Classification of human genomic regions based on experimentally determined binding sites of more than 100 transcription-related factors
1 Program in Computational Biology and Bioinformatics, Yale University, 260 Whitney Avenue, New Haven, CT 06520, USA
2 Department of Molecular Biophysics and Biochemistry, Yale University, 260 Whitney Avenue, New Haven, CT 06520, USA
3 Department of Computer Science and Engineering, The Chinese University of Hong Kong, Shatin, New Territories, Hong Kong
4 Hong Kong Bioinformatics Centre, The Chinese University of Hong Kong, Shatin, New Territories, Hong Kong
5 CUHK-BGI Innovation Institute of Trans-omics, The Chinese University of Hong Kong, Shatin, New Territories, Hong Kong
6 Department Statistics, University of California at Berkeley, 367 Evans Hall Berkeley, CA 94720, USA
7 Department of Computer Science, Stanford University, 353 Serra Mall, Stanford, CA 94305, USA
8 European Bioinformatics Institute (EMBL-EBI), Wellcome Trust Genome Campus, Hinxton, Cambridge, CB10 1SD, UK
9 Department of Genetics, Stanford University School of Medicine, Mail Stop-5120, Stanford, CA 94305, USA
10 Department of Computer Science, Yale University, 51 Prospect Street, New Haven, CT 06511, USA
Citation and License
Genome Biology 2012, 13:R48 doi:10.1186/gb-2012-13-9-r48Published: 5 September 2012
Transcription factors function by binding different classes of regulatory elements. The Encyclopedia of DNA Elements (ENCODE) project has recently produced binding data for more than 100 transcription factors from about 500 ChIP-seq experiments in multiple cell types. While this large amount of data creates a valuable resource, it is nonetheless overwhelmingly complex and simultaneously incomplete since it covers only a small fraction of all human transcription factors.
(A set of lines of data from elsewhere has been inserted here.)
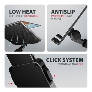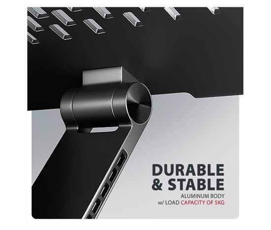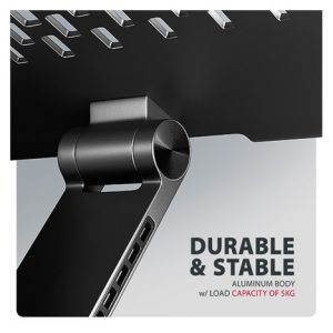 Podstavec pro notebook je vyroben z robustních hliníkových odlitků garantujících dlouhou životnost a spolehlivost. Díky protiskluzové úpravě zůstane vaše zařízení bezpečně na svém místě bez rizika nechtěných pohybů, aniž by došlo k jakémukoliv poškození povrchu notebooku nebo podložky. Tyto pečlivě navržené vlastnosti zaručují perfektní stabilitu pro váš notebook, tablet nebo oblíbenou knihu, což vám poskytne klid a pohodlí při každodenním používání.
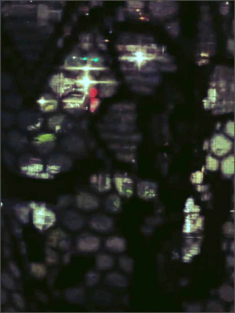 カフェカーテン越しの街灯り、街灯の赤、
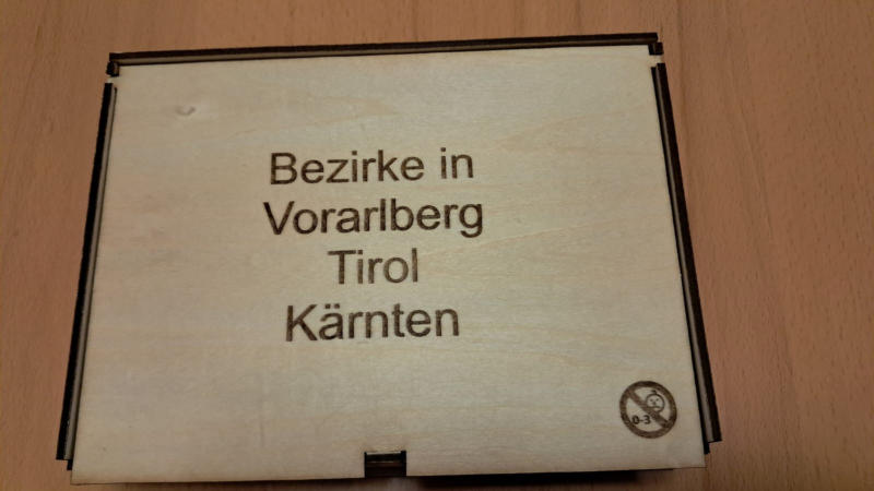 Österreich mit geschnittenen Bundesländern und eingravierten Bezirken
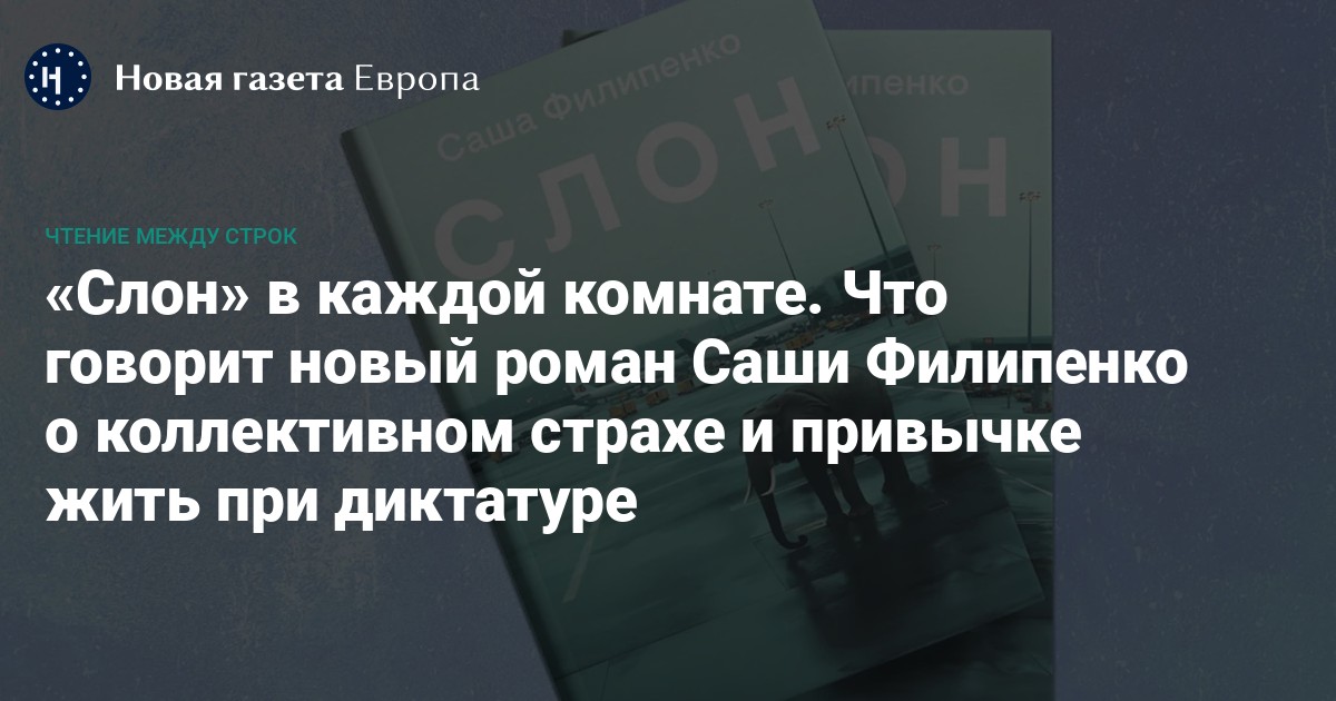 Романы Саши Филипенко написаны так, чтобы их можно было прочитать за раз, полностью погрузившись. Этот писательский подход хорошо монтируется с временем всеобщей спешки и рассредоточенности. Как и многие другие особенности «Слона» — небольшой объем (раньше называли бы «повестью»), динамичность, дробность (в текст вставлены «комментарии читателей», аналитические записки спецслужб, даже кроссворды), наконец, проблематика.

As part of the consortium effort in providing a concise abstraction of the data for facilitating various types of downstream analyses, we constructed statistical models that capture the genomic features of three paired types of regions by machine-learning methods: firstly, regions with active or inactive binding; secondly, those with extremely high or low degrees of co-binding, termed HOT and LOT regions; and finally, regulatory modules proximal or distal to genes. From the distal regulatory modules, we developed computational pipelines to identify potential enhancers, many of which were validated experimentally. We further associated the predicted enhancers with potential target transcripts and the transcription factors involved. For HOT regions, we found a significant fraction of transcription factor binding without clear sequence motifs and showed that this observation could be related to strong DNA accessibility of these regions.
Overall, the three pairs of regions exhibit intricate differences in chromosomal locations, chromatin features, factors that bind them, and cell-type specificity. Our machine learning approach enables us to identify features potentially general to all transcription factors, including those not included in the data.